Gepubliceerd op 02-01-2020

MIS

betekenis & definitie

(afkomstig van het laat-Latijnse missa, wegzending, zie Ite, missa est) is de sinds het midden der 5de eeuw in de Westerse Kerk gebruikelijke aanduiding voor het geheel van de ceremoniën en gebeden der Eucharistieviering (zie Eucharistie).

—, MUZIKAAL beschouwd, is de naam voor de gezangen die tijdens het H. Misoffer worden uitgevoerd.
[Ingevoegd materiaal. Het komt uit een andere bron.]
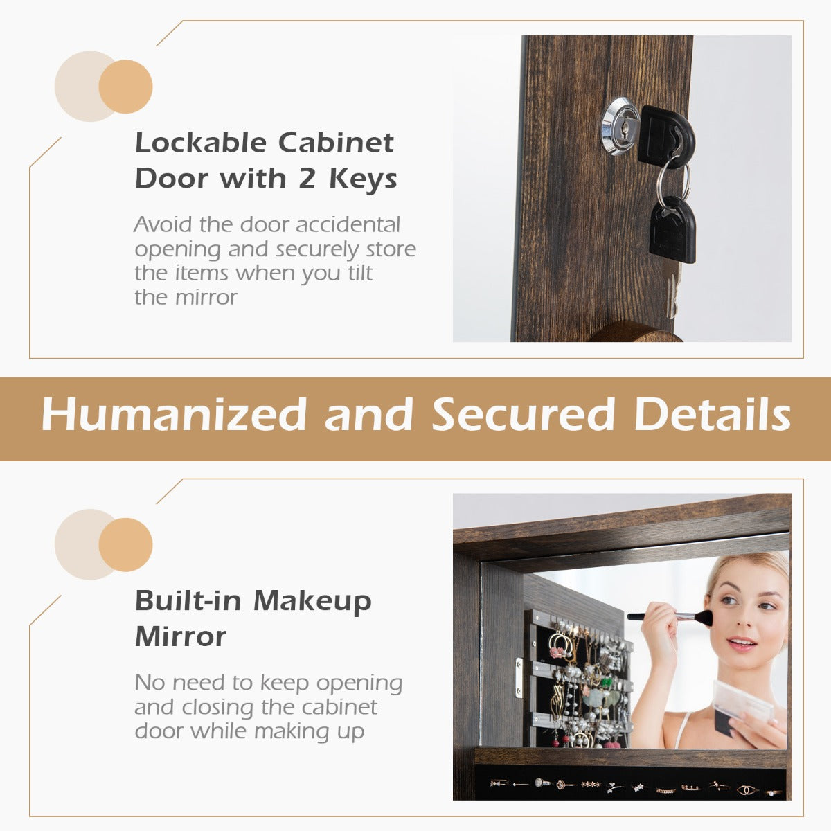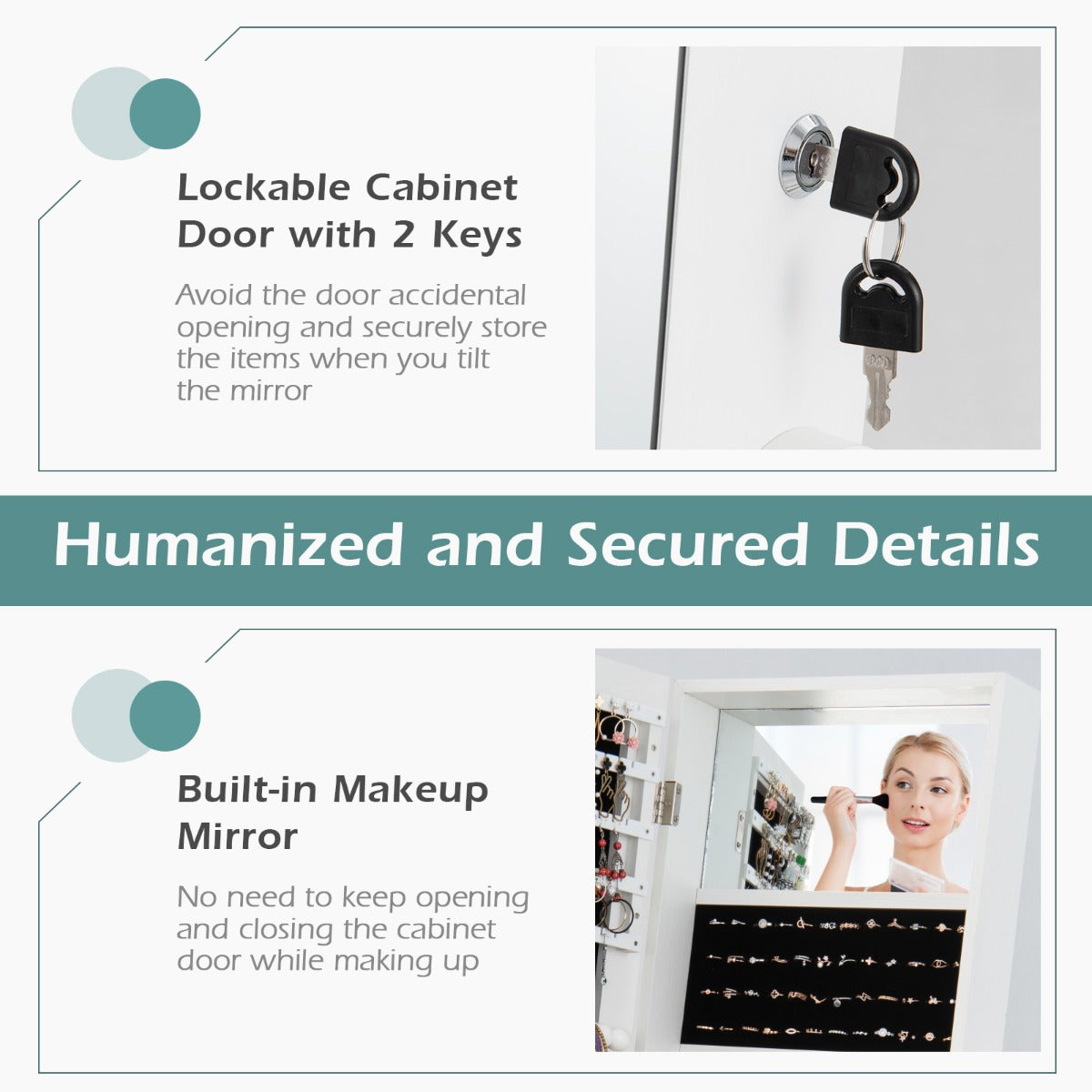 Built with Lockable Door & Makeup Mirror: Our jewellery storage cabinet is equipped with a lockable door that avoids the door from accidental opening and keeps items in place when you tilt the mirror. Moreover, the built-in mirror is convenient for makeup, avoiding frequent opening and closing of the cabinet door.
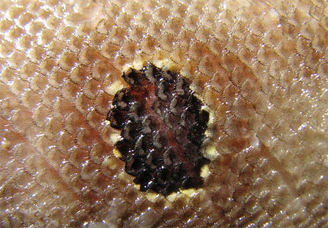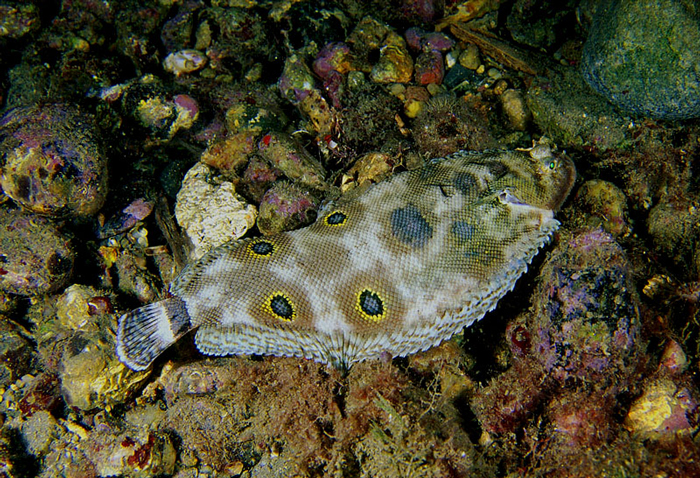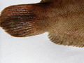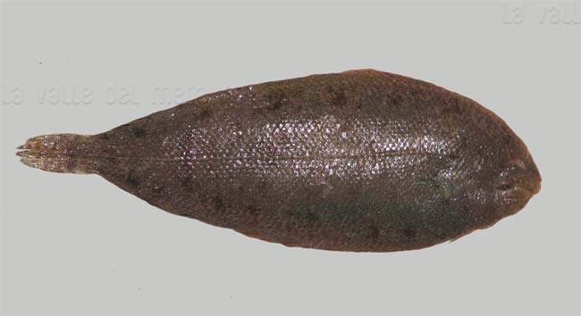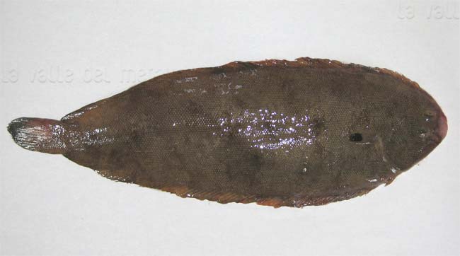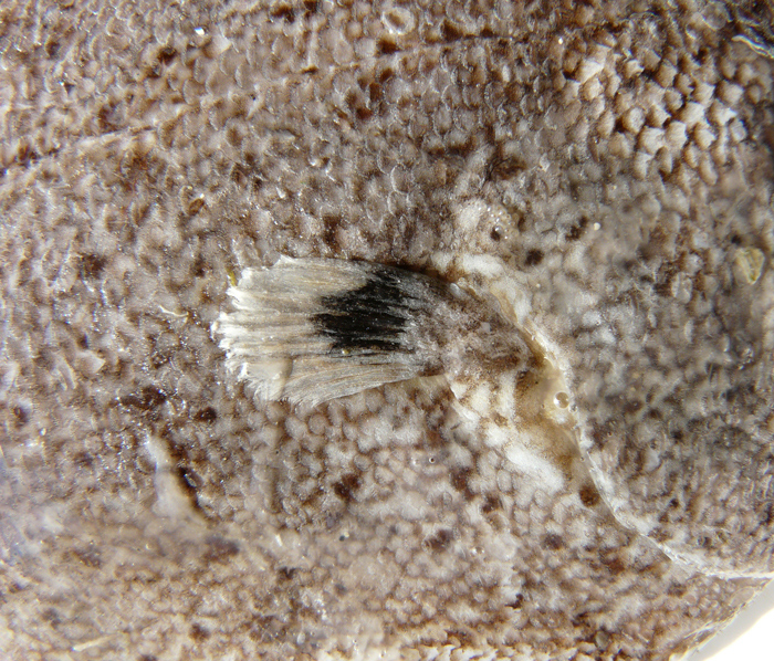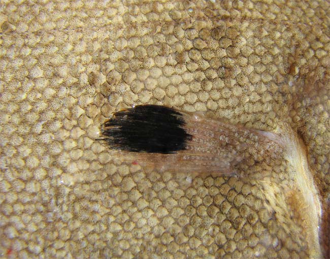 Sogliola occhiuta di 11,5 cm, particolare della macchia ocellare. Pescherie di Fano, giugno 2006

Eenstemmig, Gregoriaans. Wij onderscheiden:

1. De gezangen die voor de priester en zijn assistenten zijn bestemd: gebeden, Prefatie, Pater noster, Epistel enEvangelie. De melodieën zijn niet meer dan versierde recitatieven.
2. Het Proprium of veranderlijk gedeelte: Introitus, Graduale, Alleluja (soms Tractus), Offertorium, Communio. De gezangen worden uitgevoerd door de schola cantorum en zijn soms rijk versierd. We vinden ze in het Graduale.
3. Het Ordinarium, het gedeelte dat met kleine wijzigingen in iedere Mis terugkeert. Dit werd oorspronkelijk gezongen door het volk in afwisseling met de schola. De melodieën waren eenvoudig, maar toen door omstandigheden de schola de taak van het volk geheel overnam, werden ze geleidelijk aan rijker en groeiden uit tot de vorm die we nu in het Kyriale vinden.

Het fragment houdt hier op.